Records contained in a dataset
__________

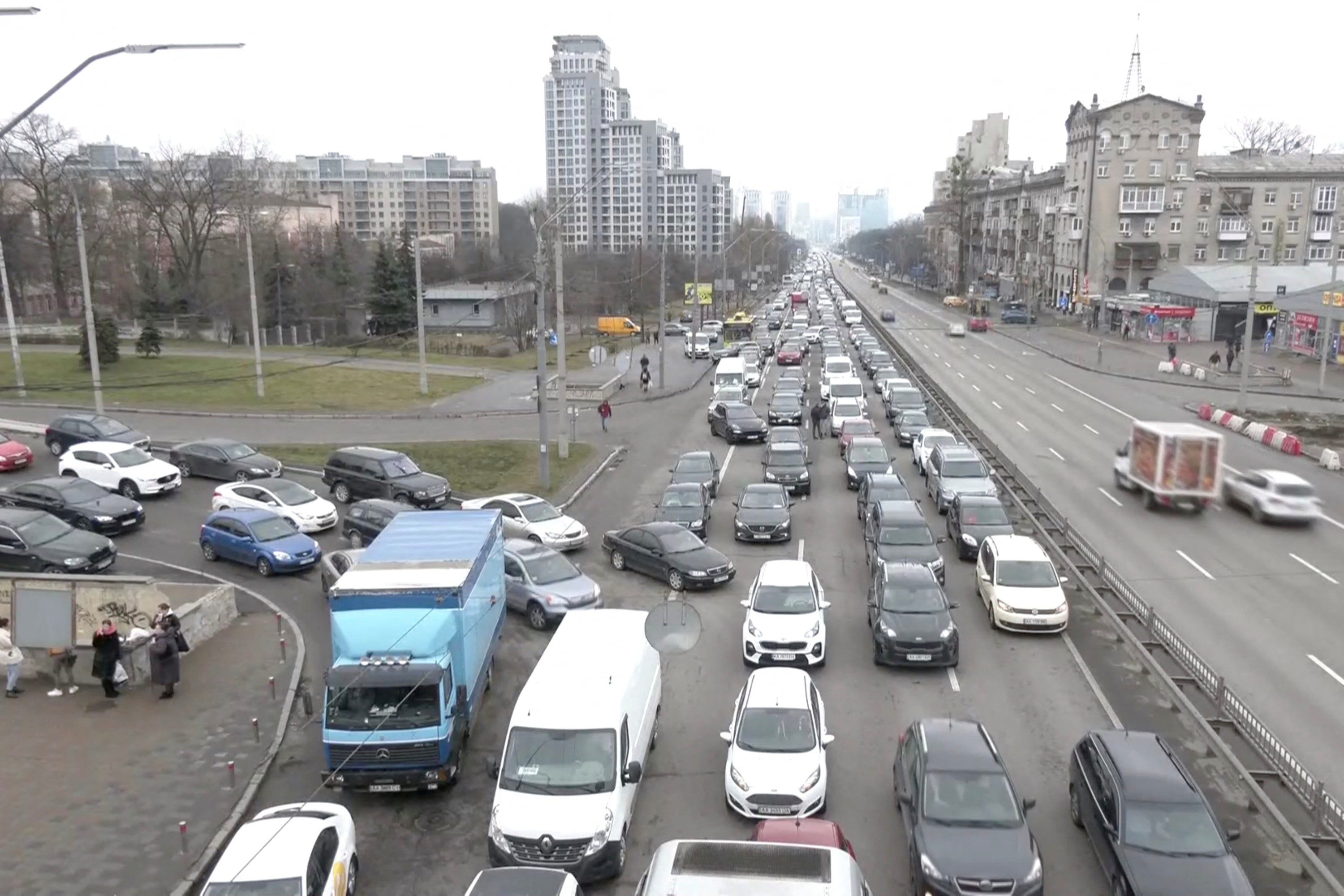 Heavy traffic on a road heading out of the Ukrainian capital Kyiv on Feb 24, 2022.
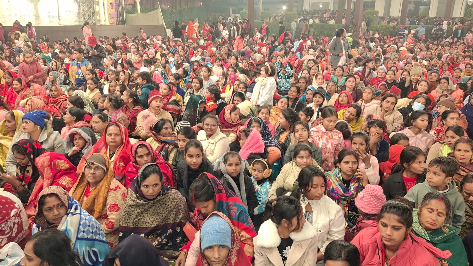 इस दौरान विधायक की पत्नी अनीता द्विवेदी भी मंच पर पहुंचीं और श्रद्धालुओं से संयम व शांति बनाए रखने का अनुरोध किया। भजन कार्यक्रम रात्रि 10:30 बजे से 1:00 बजे तक चलता रहा। भजनों के दौरान समिति के सदस्यों की व्यवस्थाओं को लेकर भी सवाल उठे, जिस पर कन्हैया मित्तल ने मंच से आयोजन समिति के प्रति नाराजगी व्यक्त की। कार्यक्रम समाप्त होने से पहले ही हजारों की संख्या में श्रद्धालु बाहर निकलने लगे, जिससे गेस्ट हाउस के बाहर सड़कों पर वाहनों की लंबी कतारें लग गईं और यातायात व्यवस्था देर तक बाधित रही।
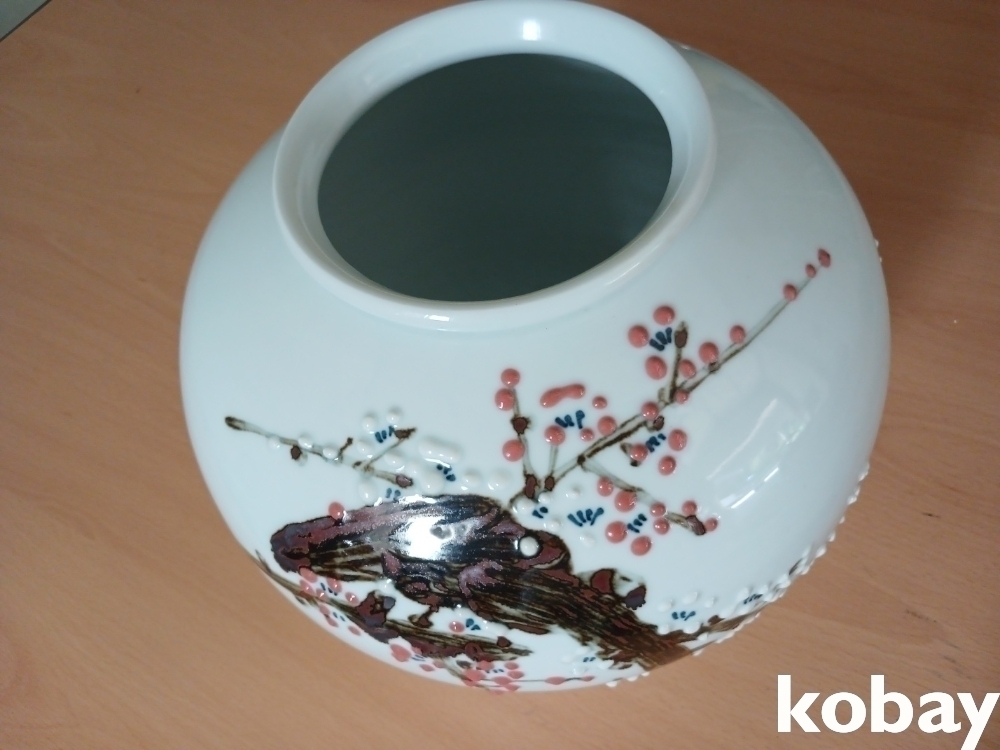 매화 꽃을 입체감 있게 표현한 달 도자기 입니다.
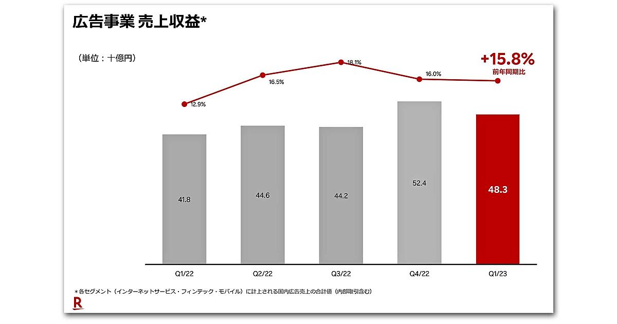 楽天グループは、2023年第1四半期(1~3月期)の連結決算を5月12日に発表した。売上高にあたる売上収益は前年同期比9.3%増の4756億円で、第1四半期として過去最高だった。インターネットサービス、フィンテック(金融技術)、モバイルの全事業分野で増収だった。一方、最終損益は825億円の赤字で、赤字幅は前年同期の918億円から縮小したものの、モバイル事業で携帯電話の基地局整備の投資が重荷となっている。
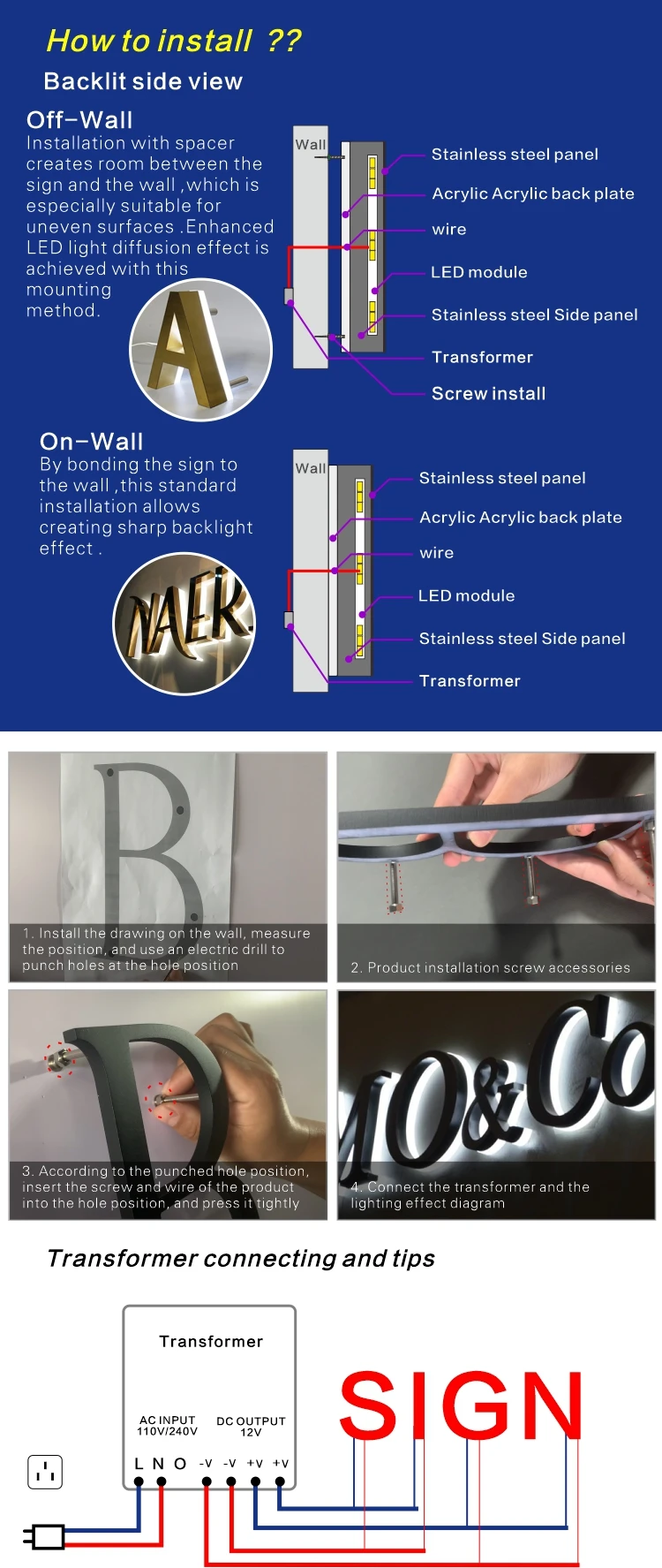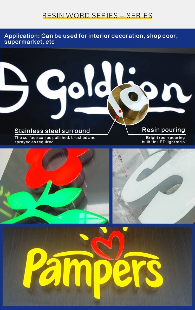 3. Please note your raised lettering, Rim Color, Lighting Color, Acrylic board (clear/frosted)

__________

#### Task statement
After locating the line with "楽天グループは、2023年第", transcribe it and the rest of the data above exactly as written, without any picture.

#### Solved exercise
 楽天グループは、2023年第1四半期(1~3月期)の連結決算を5月12日に発表した。売上高にあたる売上収益は前年同期比9.3%増の4756億円で、第1四半期として過去最高だった。インターネットサービス、フィンテック(金融技術)、モバイルの全事業分野で増収だった。一方、最終損益は825億円の赤字で、赤字幅は前年同期の918億円から縮小したものの、モバイル事業で携帯電話の基地局整備の投資が重荷となっている。
 3. Please note your raised lettering, Rim Color, Lighting Color, Acrylic board (clear/frosted)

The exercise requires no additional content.